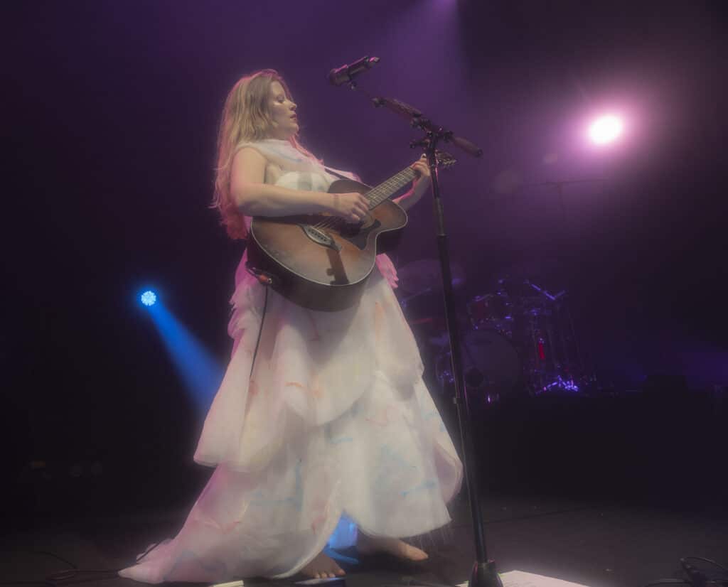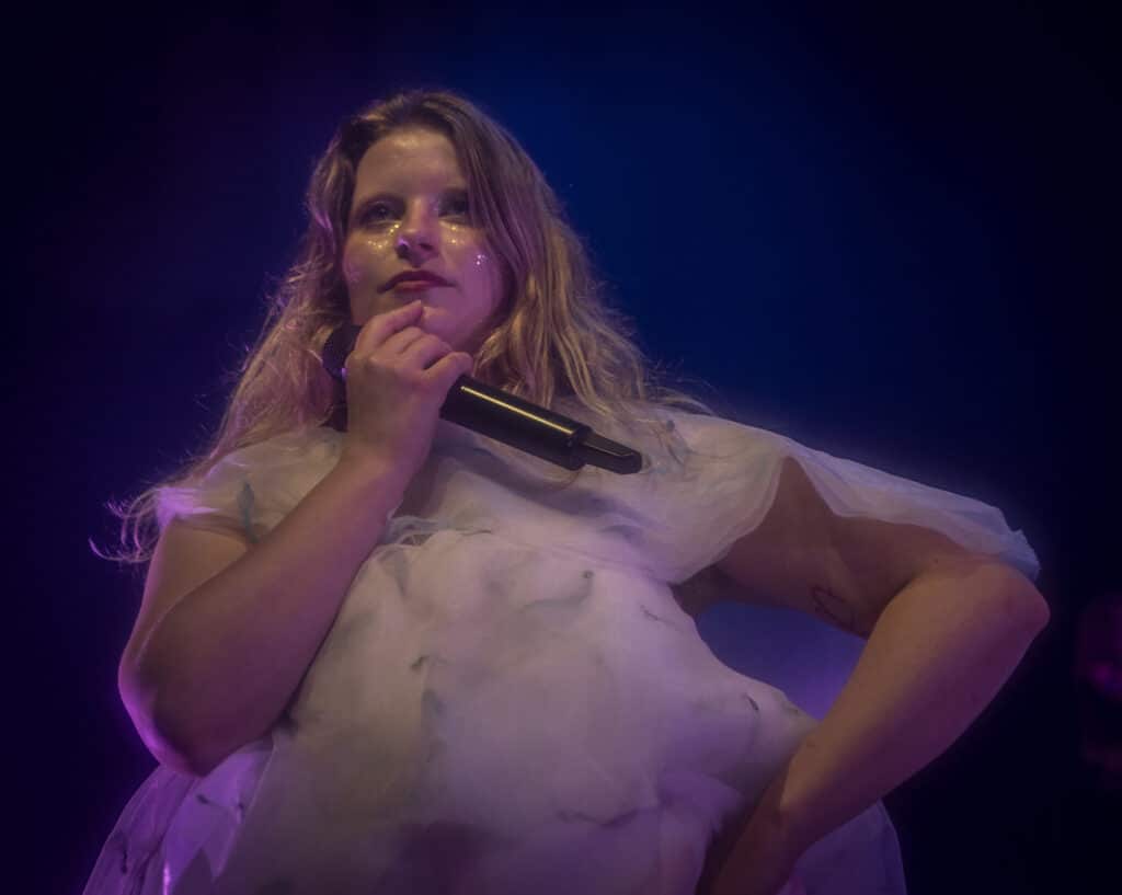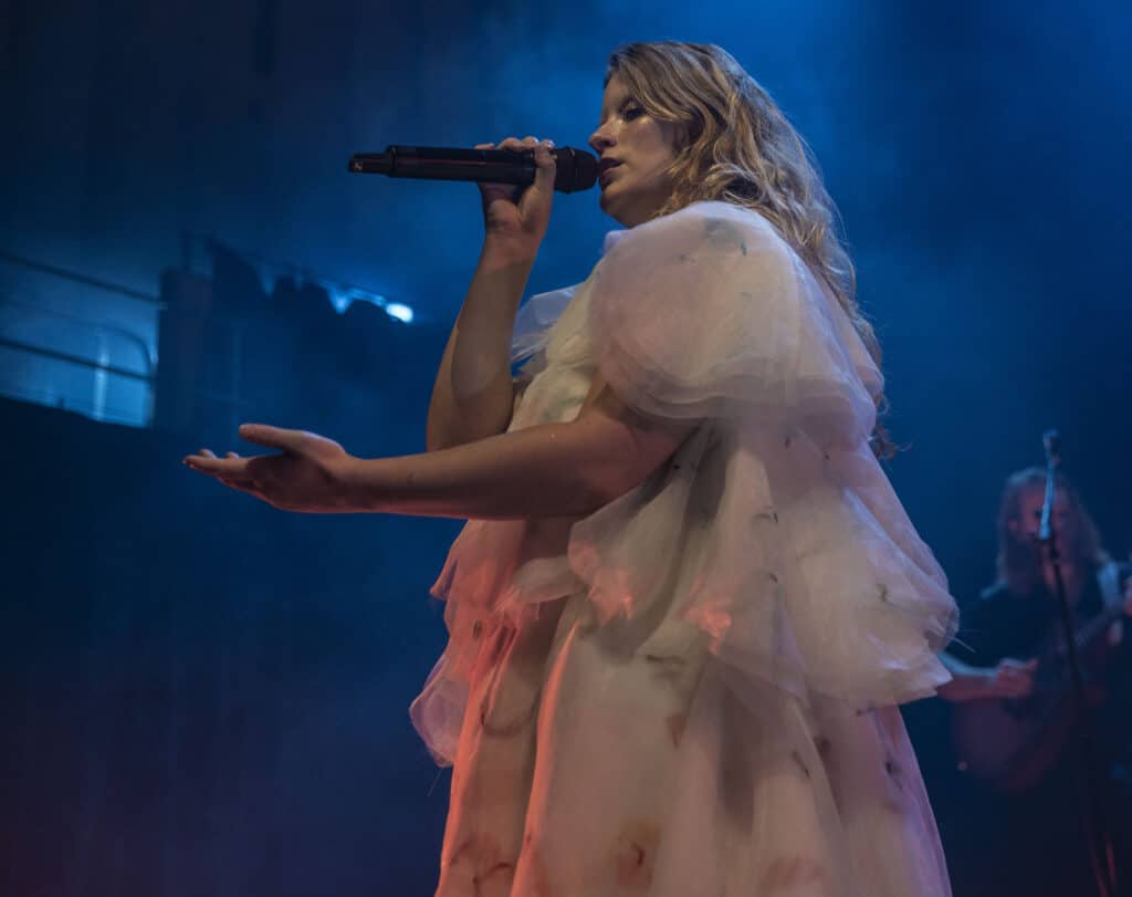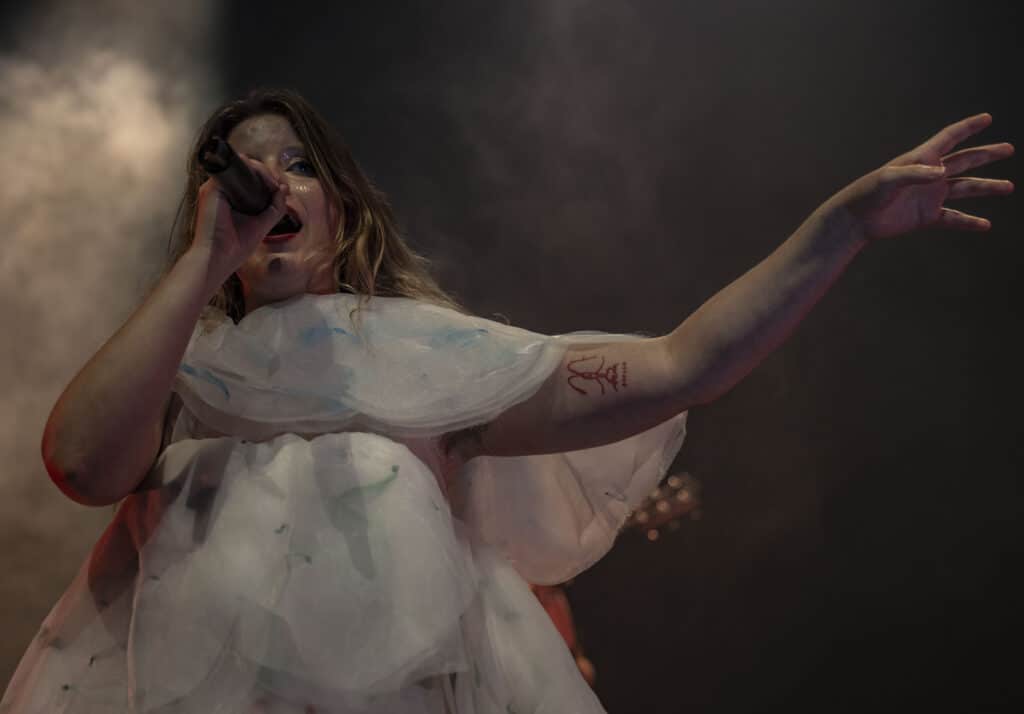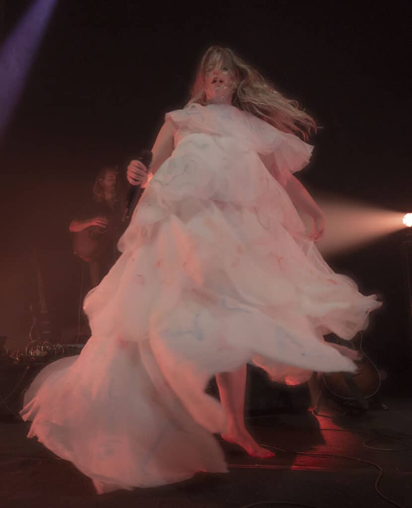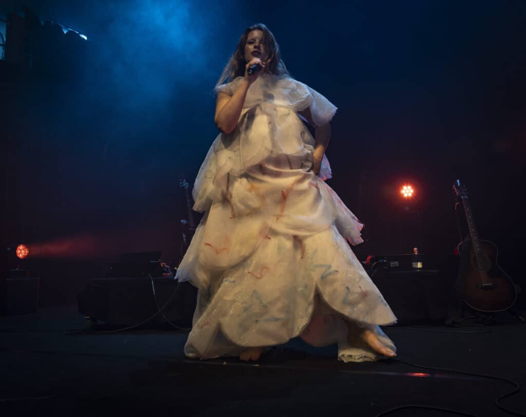 Paloma steps onstage in a flowing white gown that holds the light, her physical presence reinforcing the political intent threaded through her songs. During the second song of the set, she accepts a pride flag from an audience member before addressing the crowd directly, speaking about the patriarchy and quoting the headline of a recent essay by Rebecca Shaw: I knew one day I’d have to watch powerful men burn the world down – I just didn’t expect them to be such losers, as she launches into ‘Good Boy.’ The moment lands not as provocation, but as context, framing the performance within the same cultural conversations her music already occupies.
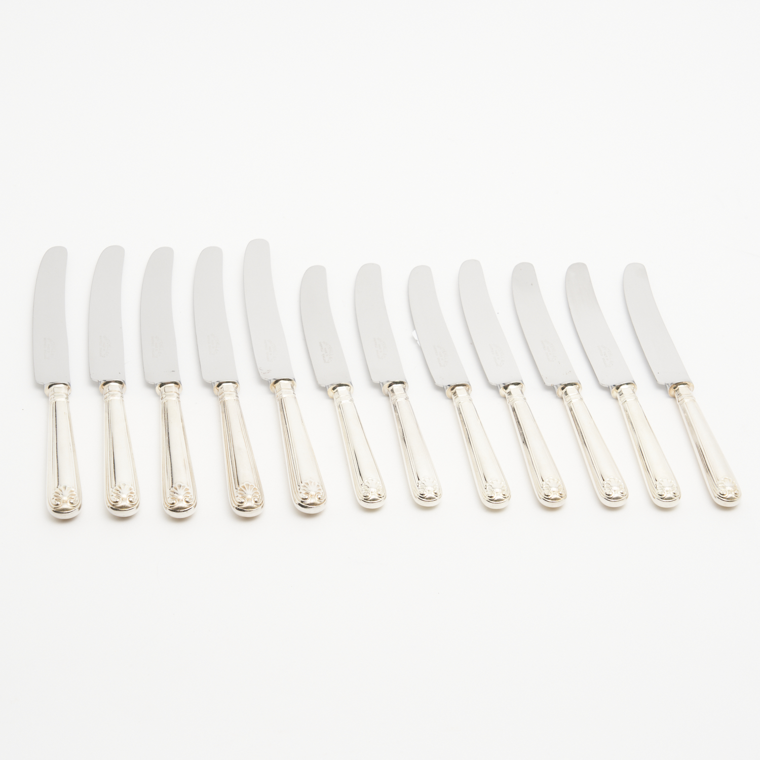 12 WHITEHILL SILVERPLATED SHELL PATTERN KNIVES, COMPRISING 5 DINNER AND 7 ENTREE KNIVES L.21.5CM (LONGEST)
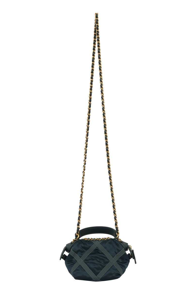 CHANEL NYLON GROSGRAIN QUILTED LIFESTYLE CLUTCH WITH CHAIN BAG comes in this Stunning Navy Blue color .It falls under our New without Tags Condition Category. No visible wear and tear or fading can be seen.
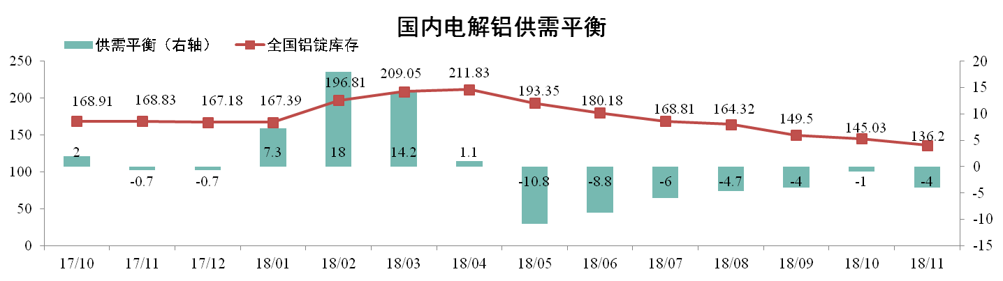 據阿拉丁數據,11月原鋁產量301萬噸,凈進口1萬噸,總供應量為302萬噸,消費量為306萬噸,當月理論供應短缺4萬噸。11月底全國鋁錠庫存136.2萬噸,環比下降6.09%。
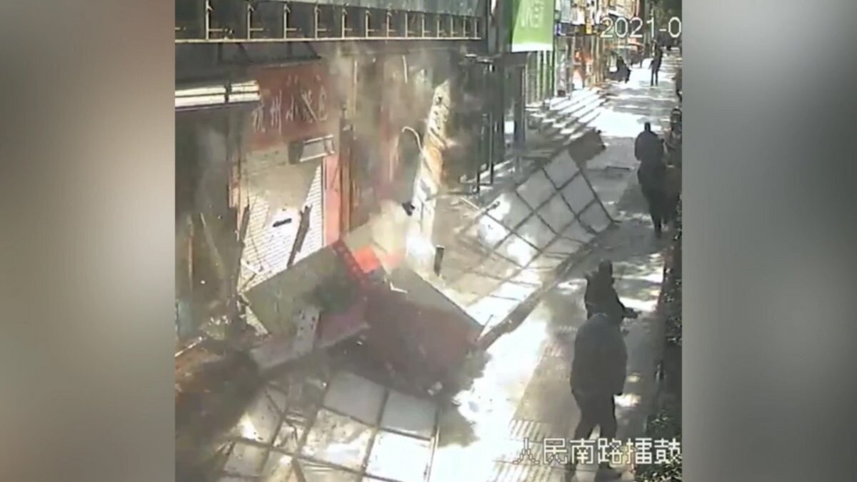 Çin’in Hubei eyaleti Shiyan şehrindeki iş yerinin önünde oturan kadının üzerine, hemen arkasında bulunan iki reklam panosu düştü.
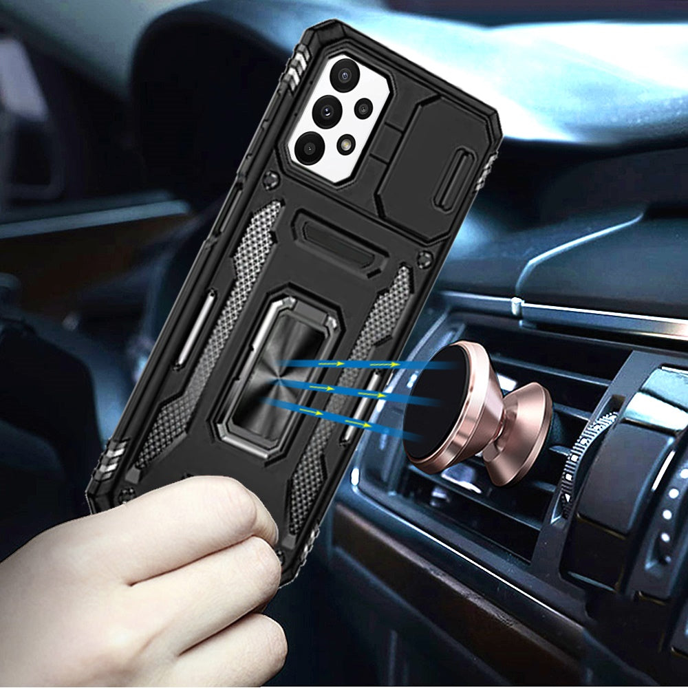 For Samsung Galaxy A32 5G Tough Hybrid Case with Movable Camera Window & Metal Ring Stand Shockproof Case Cover Black
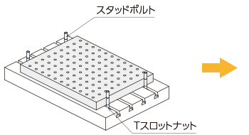 機械テーブルにMCサブテーブルを設置し、T溝にTスロットナットとスタッドボルトを取り付けてください。
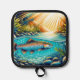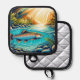 Trout in Crystal Clear River Beneath Lush Forest Pot Holder
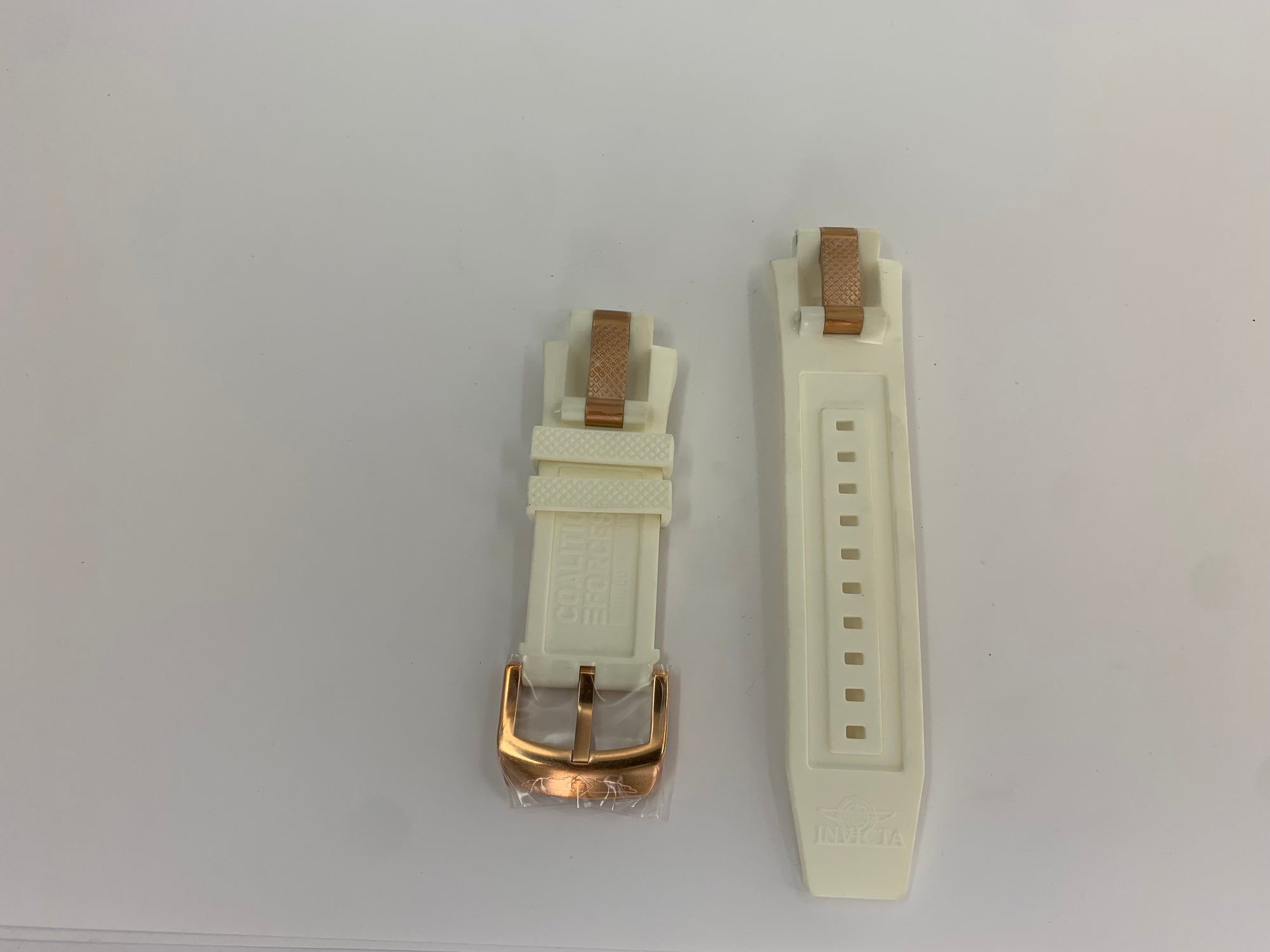 Band For Men Invicta Coalition Forces 11661, Band Material Polyurethane or Canvas Leather, Band Color Rose Gold, white, or Tan Band Width 30X26 MM, Band Length 195 MM, Buckle Type Diver, Clasp Type. Please note that bands do not ship with spring bars or T bars. If you need these parts, please add them to your cart with the corresponding part sku.
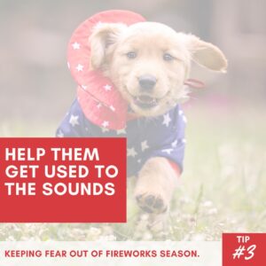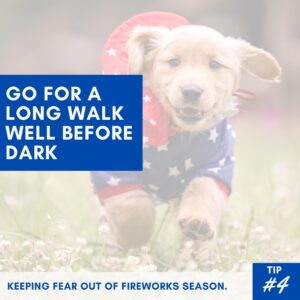 Did you know you can help desensitize your dog by playing a recording of fireworks? Start at a very low level for short periods, multiple times a day, and rewarding calm behavior with treats. If your dog is extremely fearful of noises, before taking this step, think about consulting an experienced dog behaviorist for expert guidance.
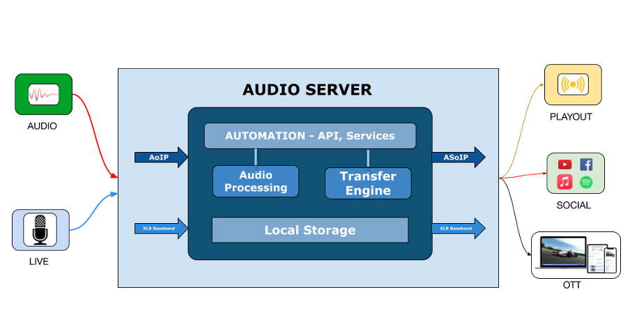 The Audio server is a radio server working with media, supports wide range of codecs and formats.

══════════

*TASK INSTRUCTIONS*. From the records above, quote word for word only the lines beginning at the line that has "Çin’in Hubei eyaleti" and stopping after the line that has "Trout in Crystal". Omit the pictures.

*PROBLEM SOLUTION*.
 Çin’in Hubei eyaleti Shiyan şehrindeki iş yerinin önünde oturan kadının üzerine, hemen arkasında bulunan iki reklam panosu düştü.
 For Samsung Galaxy A32 5G Tough Hybrid Case with Movable Camera Window & Metal Ring Stand Shockproof Case Cover Black
 機械テーブルにMCサブテーブルを設置し、T溝にTスロットナットとスタッドボルトを取り付けてください。
 Trout in Crystal Clear River Beneath Lush Forest Pot Holder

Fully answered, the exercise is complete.